Es gibt einige Regeln, welche dir helfen einen Backspin auszuführen oder ihn zu verbessern. Hier habe ich eine kleine Liste davon:

  • Etwas weniger als Schulterbreit hinstellen
  • Die Balllage sollte etwas mehr auf der rechten Seite sein
  • Gewichtsverlagerung sollte etwas mehr auf der linken Seite sein
  • Die Wahl des Schlägers. Der beste wird wohl das Sand Wedge sein
  • Der Fairway ist ein deutlich besser Untergrund als das Rough
  • Je höher die Schlägerkopfgeschwindigkeit, desto besser
  • Der Ball sollte für einen perfekten Backspin „gelöffelt“ werden.
  • Steiler Eintreffwinkel
  • Die besten Golfbälle für den Backspin sind die Soft Golfbälle

Was sind die Vorteile eines Backspins?

Ein Backspin kann den Ball langsamer werden lassen und ihn so kontrollierter fliegen lassen. Außerdem kann es dem Ball helfen, auf dem Grün zu stoppen, anstatt weiterzurollen.

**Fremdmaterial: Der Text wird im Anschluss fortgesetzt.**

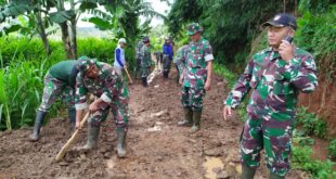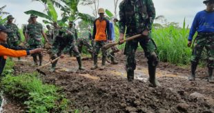 Kudus, LhL – Beberapa personil Kodim 0722/Kudus yang tergabung Satgas TNI Manunggal Membangun Desa (TMMD) kerja bakti bersama masyarakat Dusun Talun bergotong royong guna menyiapkan lokasi sasaran fisik untuk melancarkan kegiatan pembangunan jalan baru di Desa Kedungsari Kecamatan Gebog Kabupaten Kudus.Senin 9/3/2020. Sastro,warga Dusun Talun, mengaku sangat bersemangat menyambut TMMD …

Was sind die Nachteile eines Backspins?

Backspin kann ein großartiges Mittel sein, um die Distanz zu kontrollieren und den Ball auf dem Grün zu stoppen. Allerdings gibt es auch einige Nachteile, die man beachten sollte. Zum einen kann Backspin dazu führen, dass der Ball schneller abnutzt und somit an Länge verliert. Zudem können hohe Geschwindigkeiten des Balls bei Backspin zu Problemen führen, da der Ball leichter vom Schläger springen kann.

Fazit

Ein Backspin ist beim Golfen ein wichtiger Faktor und kann den Ball in die Luft hieven und ihn so länger fliegen lassen. Je mehr Backspin, desto höher und weiter kann der Ball fliegen. Allerdings kann zu viel Backspin den Ball auch schneller zu Boden fallen lassen und kurz vor dem Loch aufspringen. Daher ist es wichtig, den richtigen Spin-Wert für den jeweiligen Schlag zu finden.